The original school badge was a design of the coat of arms of the Pilkington family of Lancashire, an escutcheon with an argent cross patonce voided gules and were introduced for the school in 1907 by Rev. W. Ritson, Vicar of Rivington. The mower remains on the school coat of arms, but not on uniforms.

The school seal presented at its foundation, 1566, featured a depiction of the Bishop above the coat of arms of the school and was lost in 1882. The motto on the seal was in Latin and translated to 'who spares the rod spoils the child', the bishop is holding a birch rod in the right hand and bible in the left hand, open at the third chapter of the Epistle to the Galatians, religion being a key element in the early school with the birch and motto indicating use of corporal punishment in education.

===Extension===
In 1924 a school inspection showed a need to expand the building. Work started in April 1929 the extension foundation stone was laid 10 July 1929 by Alderman Ernest Ashton, Mayor of Chorley, who had been governor for many years. The extension was to accommodate 300 pupils and required a long corridor to be built between the buildings. The extension added new science rooms, general classrooms. A visitor in 1931 was the Earl of Derby, Edward George Villiers Stanley (1865–1948). Additional extensions were added in 1956 and further extensions added in 1958 when the headmaster's house was converted into classrooms.
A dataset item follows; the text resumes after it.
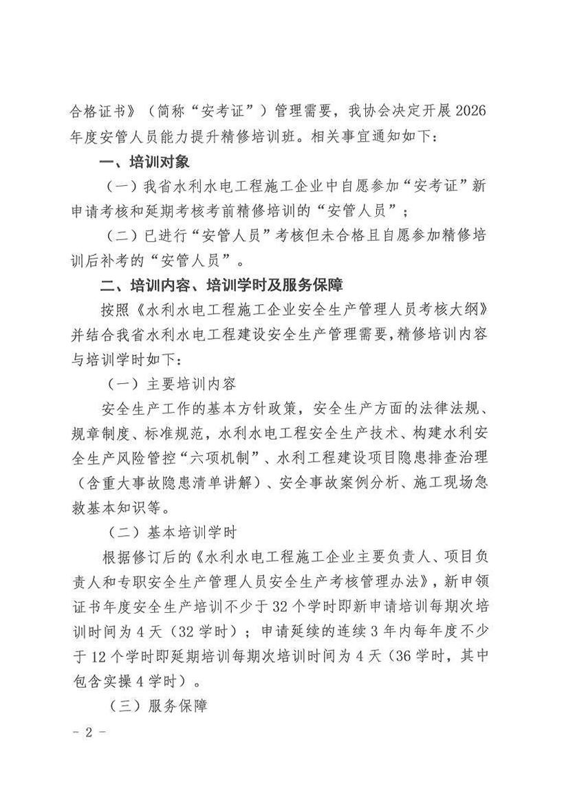 关于2026年度水利水电工程施工企业安全生产管理人员能力提升精修培训报名及(第一期)开班的通知

===Rivington and Blackrod High School===
In 1973, Rivington and Blackrod High School was established by an amalgamation of Rivington and Blackrod Grammar School and Horwich County Secondary School. In 2004, the Brook Learning Partnership was formed - a collaborative partnership with Ladybridge High School, Bolton. The school became Leverhulme Academy Church of England and Community Trust along with Harper Green School in Farnworth in March 2017.